Below is a listing to copy exactly; no image goes into the copy.

.....

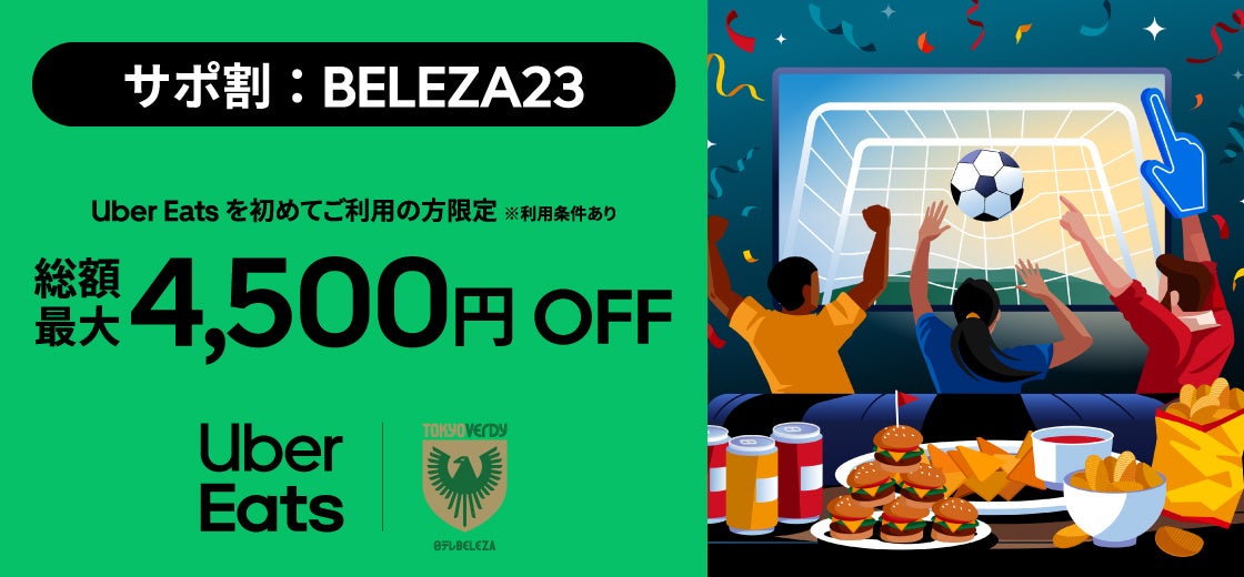 【東京ヴェルディ】Uber Eats Japan 合同会社との「総額最大4,500円OFFキャンペーン」開始のお知らせ
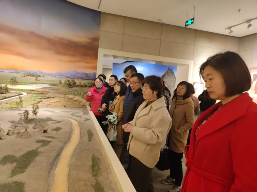 在城子崖遗址博物馆,调研团一行全面了解龙山文化发展脉络及城子崖博物馆建设运行情况。按照历史发展顺序,在博物馆内先后经过“龙山破晓—西河、小荆山遗址”、“文明之星—城子崖遗址与龙山文化”、“考古圣地—城子崖遗址的发现与发掘”、“济南寻根—东平陵城”等展厅,深入了解龙山源远流长的农耕文化,并就龙山文化起源、黑陶制作工艺、遗址挖掘保护等方面与工作人员进行了交流和沟通,详细了解了龙山农耕文化及农业生产发展脉络。
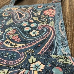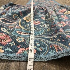 This gorgeous paisley patterned apron has a lace trim detail along the hem.
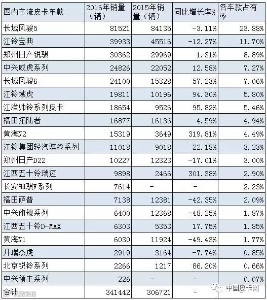 同时,2016年国内多数皮卡企业均保持销量增长的趋势,其中郑州日产的皮卡销量增长速度最快。与此同时,2016年国内部分老牌皮卡企业的销量也出现了不同程度的下滑。
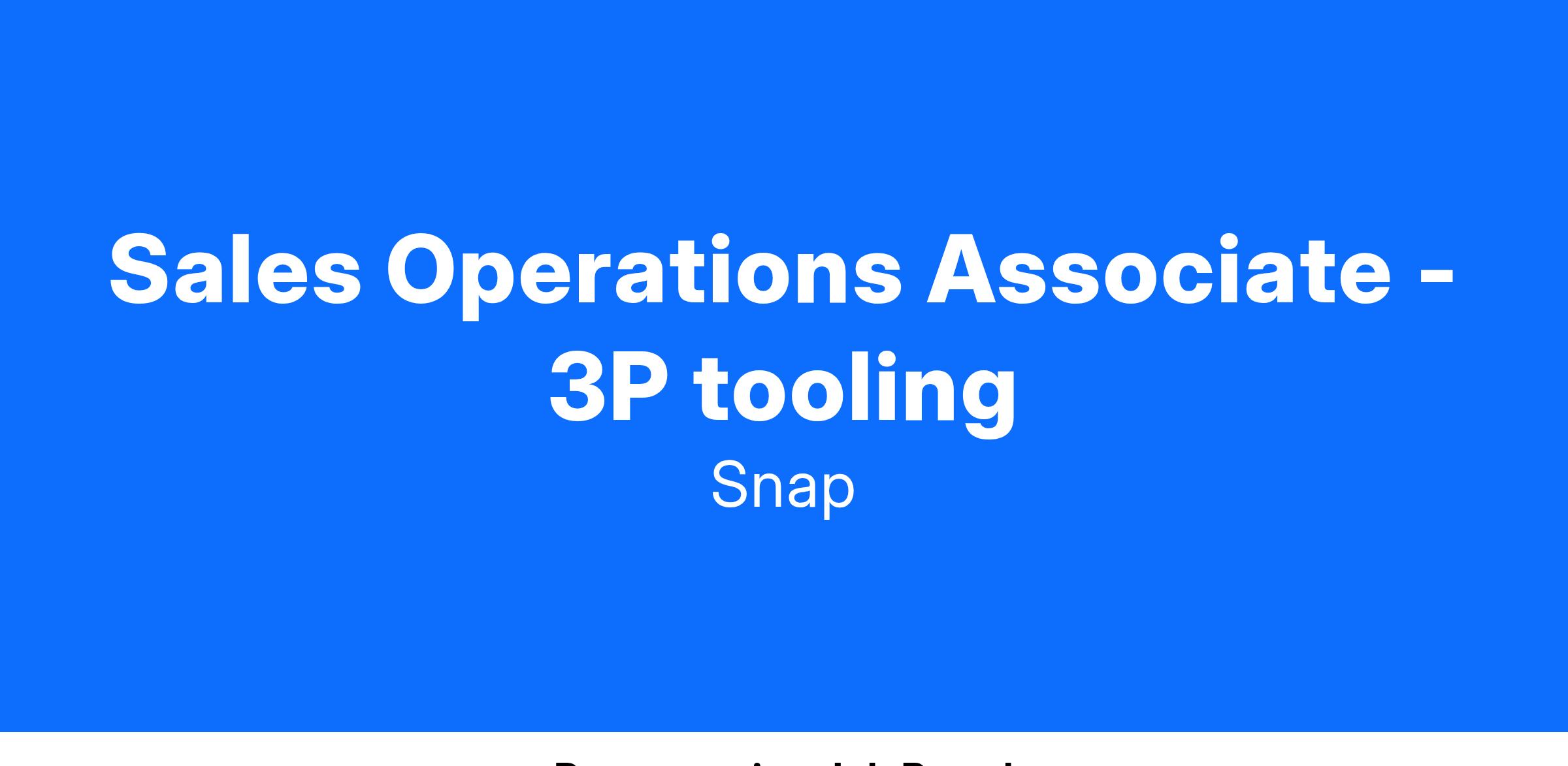 We’re looking for a Sales Operations Associate to join Snap in our New York City office! As a member of our Sales Technology Team you will help manage our suite of third-party sales tools. In this role, you will be responsible for overseeing our tooling budget, investigating new tools to address the evolving needs of our sales teams, coordinating renewals and the contract process, and partnering with finance to ensure purchase orders are correctly captured and processed. In this role you will work closely with Sales teams and their leadership, Legal, Finance, and product/engineering teams to ensure our sales team is maximizing the value of the tools we provide.
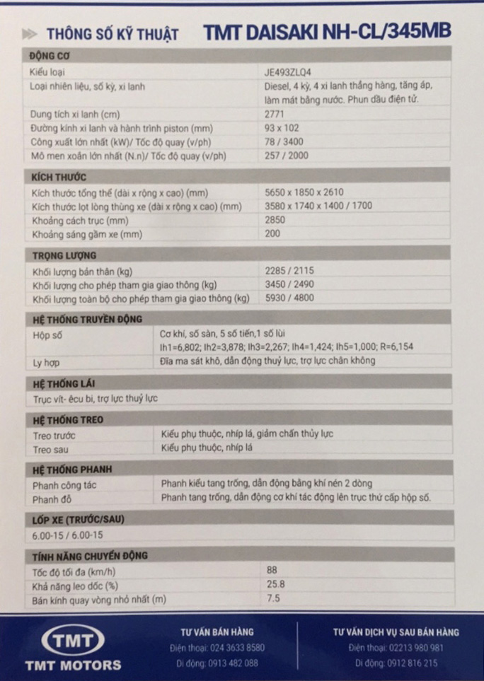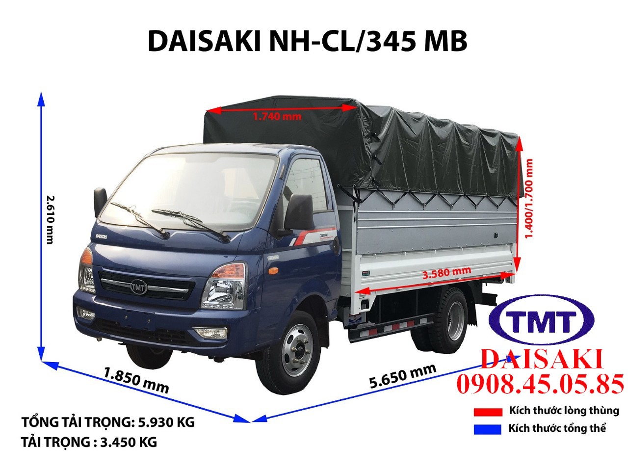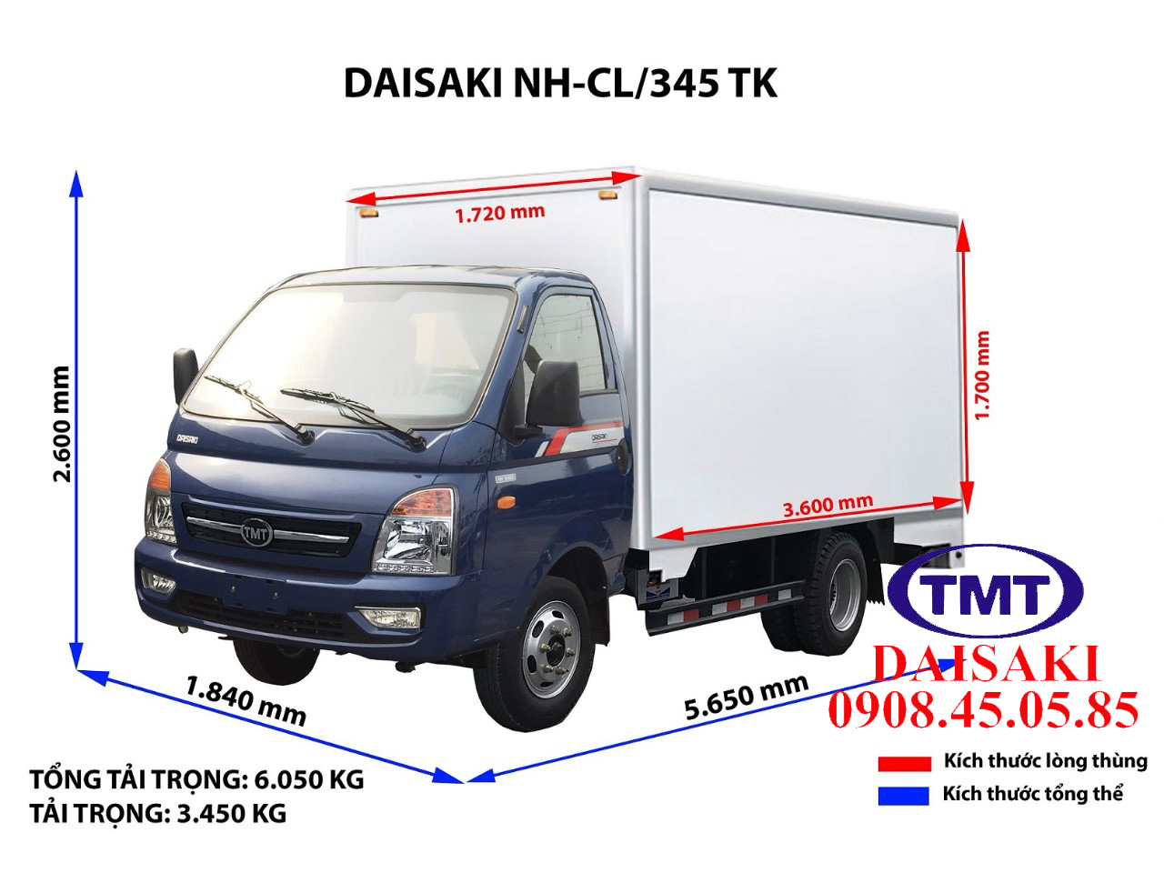 XE TẢI 3T5 DAISAKI là dòng xe tải nhẹ được thiết kế bởi các kỹ sư của Tập Đoàn Ôtô ISUZU Nhật Bản và Công Ty Cổ Phần Ô Tô TMT.

.....

ANSWER SPACE:
 【東京ヴェルディ】Uber Eats Japan 合同会社との「総額最大4,500円OFFキャンペーン」開始のお知らせ
 在城子崖遗址博物馆,调研团一行全面了解龙山文化发展脉络及城子崖博物馆建设运行情况。按照历史发展顺序,在博物馆内先后经过“龙山破晓—西河、小荆山遗址”、“文明之星—城子崖遗址与龙山文化”、“考古圣地—城子崖遗址的发现与发掘”、“济南寻根—东平陵城”等展厅,深入了解龙山源远流长的农耕文化,并就龙山文化起源、黑陶制作工艺、遗址挖掘保护等方面与工作人员进行了交流和沟通,详细了解了龙山农耕文化及农业生产发展脉络。
 This gorgeous paisley patterned apron has a lace trim detail along the hem.
 同时,2016年国内多数皮卡企业均保持销量增长的趋势,其中郑州日产的皮卡销量增长速度最快。与此同时,2016年国内部分老牌皮卡企业的销量也出现了不同程度的下滑。
 We’re looking for a Sales Operations Associate to join Snap in our New York City office! As a member of our Sales Technology Team you will help manage our suite of third-party sales tools. In this role, you will be responsible for overseeing our tooling budget, investigating new tools to address the evolving needs of our sales teams, coordinating renewals and the contract process, and partnering with finance to ensure purchase orders are correctly captured and processed. In this role you will work closely with Sales teams and their leadership, Legal, Finance, and product/engineering teams to ensure our sales team is maximizing the value of the tools we provide.
 XE TẢI 3T5 DAISAKI là dòng xe tải nhẹ được thiết kế bởi các kỹ sư của Tập Đoàn Ôtô ISUZU Nhật Bản và Công Ty Cổ Phần Ô Tô TMT.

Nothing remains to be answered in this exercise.